Ever since last summer when Kathy at Catching Happiness wrote about Ellen Glasgow's Barren Ground (a book I own myself--a lovely old Modern Library edition that I found at a library sale), I've meant to give her a try. Glasgow is another author who was immensely popular at one time, even won the Pulitzer in 1942, but then faded away into obscurity. By and large her works are no longer in print, though a few are available from the University of Virginia Press (including Vein of Iron), a handful more can be bought in reprint/reproduction editions and a few can be had for free as ebooks.
A native of Virginia, she was schooled at home and published her first book at the age of twenty-four in 1897. It sounds as though she was particularly adept and was most skilled at writing about life in Virginia and the contemporary South. Her later works also dealt with female independence (she was a suffragette for a time). She published nearly two dozen works, and my library owns most of them.
Although I should probably have chosen one of her better known or admired works, I liked the sound of Vein of Iron, which was one of her last books published. The story takes place in the mid-1920s and 1930s. Ada Fincastle falls in love with Ralph McBride, but her happiness is shattered when he's seduced into marrying another girl. Instead of love she turns to work to find fulfillment, but in the end she finds a more mature love. About Vein of Iron, Glasgow wrote:
"For once in Southern fiction the betrayed woman would become the victor instead of the victim."
From the reviews I've read this is a book that begins slowly but builds, but is well worth the the time and effort spent. The review appearing in the New York Times in 1935 called this a story of "striking depth and power".

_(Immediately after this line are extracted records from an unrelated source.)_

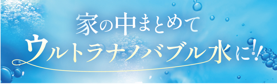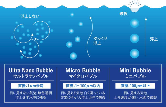 皆様は「ウルトラナノバブル」という言葉を聞いたことはあるでしょうか。少し前からマイクロバブル風呂やシャワーが販売されていたので、「マイクロバブル」をご存知の方は多いと思います。マイクロバブルとウルトラナノバブルの違いは、泡の大きさにあります。マイクロバブルのサイズが0.05mm(=50μm)なのに対して、ウルトラナノバブルはサイズが0.001mm(=1μm)未満の目に見えないほど微細な泡になっています。また、ウルトラナノバブルは、刺激を与えなければ水中に数ヶ月間も留まることも確認されています。どちらの泡も汚れ、異物などに吸着しそれらを剥がす力を持っています。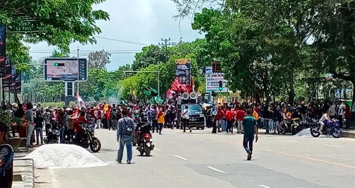 Alhasil, jalan perempatan eks MTQ menuju DPRD Sultra hanya dipenuhi oleh elemen mahasiswa. Aksi unjuk rasa ini serentak dilakukan di seluruh Indonesia. Para mahasiswa dan buruh mendesak pemerintah dan DPR RI mencabut undang-undang cipta kerja.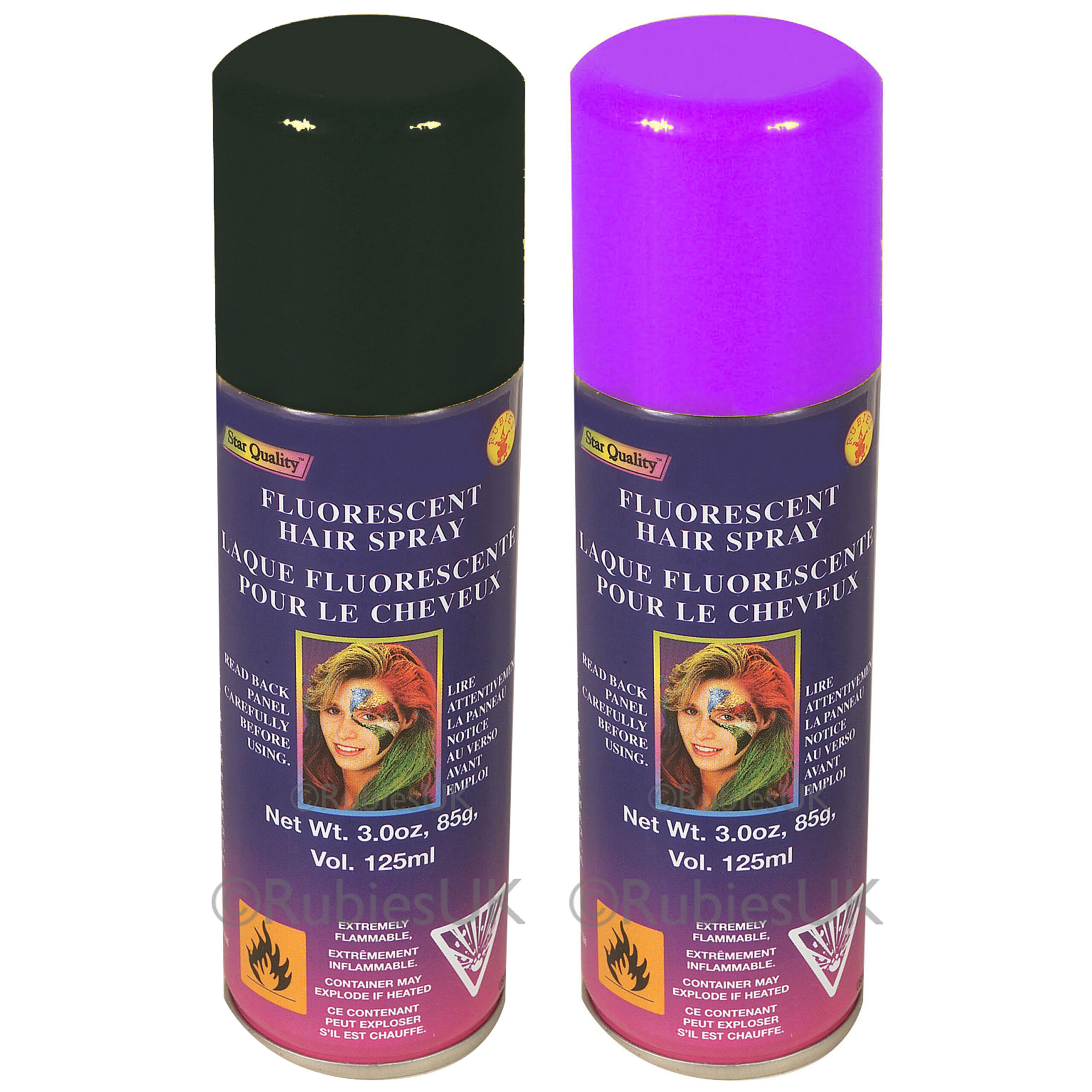 Haarverf/haarspray, set van 2x stuks, in de kleuren zwart en neon paars. De spuitbus heeft per stuk een inhoud van 125 ml.
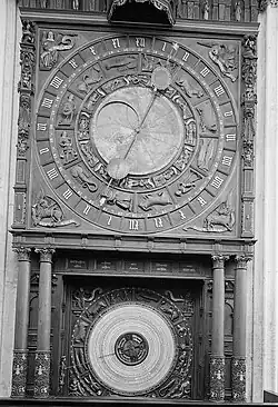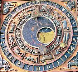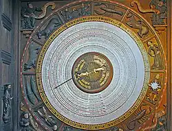 El cuadrante del reloj mide poco más de 16 m² y data de 1472,[6] siendo junto con el marco del calendario y el mecanismo la única parte original. Los elementos más destacados son las figuras talladas, la manecilla y los anillos; todo ello proporciona una base para indicar el tiempo así como detalles astronómicos y astrológicos. La hora aparece señalada de una forma bastante peculiar que puede resultar compleja: compuesto el cuadrante por cinco anillos, el exterior cuenta con dos secciones numeradas del uno al doce a derecha e izquierda, disponiendo a su vez de una única manecilla la cual indica la hora. Esta manecilla da un giro completo cada 24 horas y posee dos indicadores: una mano en un extremo y una estrella en el otro, si bien ambos marcan la misma hora aunque cada uno en una sección distinta (la mano figura en la sección superior durante el día y en la inferior durante la noche). En lo relativo a la astronomía y la astrología, hay dos anillos con figuras en relieve y un anillo con números, destacando a mayores dos discos superpuestos los cuales tienen acoplada una varilla cada uno y giran alrededor del centro del cuadrante, con el disco externo numerado en el margen del 1 al 29 para indicar el ciclo lunar. De los dos anillos con figuras, el más grande muestra los signos del Zodíaco, mientras que el anillo inmediato exterior los divide de cinco en cinco grados hasta el número 30. El signo Géminis se halla ubicado arriba a la derecha seguido en el sentido de las agujas del reloj por Tauro, Aries, Piscis, Acuario, Capricornio, Sagitario, Escorpio, Libra, Virgo, Leo y Cáncer. Dentro del anillo de los signos zodiacales se ubica otro anillo con figuras representativas de los meses, empezando con enero abajo a la derecha y siguiendo hasta diciembre en el sentido contrario a las agujas del reloj: enero aparece representado por un caballero elegante cenando; febrero por un hombre calentándose frente al fuego; marzo por un hombre plantando dos árboles; abril por una mujer cavando; mayo por un granjero sembrando; junio por un segador cortando la hierba con una guadaña; julio por una granjera cortando maíz con una hoz; agosto por un granjero desgranando maíz con un mayal; septiembre por un viticultor cosechando vides; octubre por un hombre recogiendo manzanas, noviembre por un hombre cortando leña; y diciembre por un hombre matando un cerdo.[6]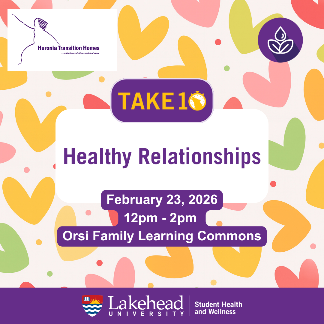 Drop by the Learning Commons to chat with Huronia Transition Homes about consent and healthy relationships.

"This novel is beautifully written. Ellen Glasgow has made herself, from inauspicious beginnings, one o the finest prose stylists of her time. There is in America, no novelist, and few writers of any other description, who can vie with her in the felicitous phrase, carrying its core sharply perceived truth or slowly garnered wisdom. She is, without a doubt, the most fruitfully thoughtful, as she is, upon occasion, the wittiest novelist that this country has yet produced."
High praise indeed. I'm most curious about the setting, rural Virginia as well as how life is depicted in American during WWI and after during the Depression. Glasgow is known more for her highly developed characters and vivid settings than for a fast moving plot. And sometimes that's really preferable.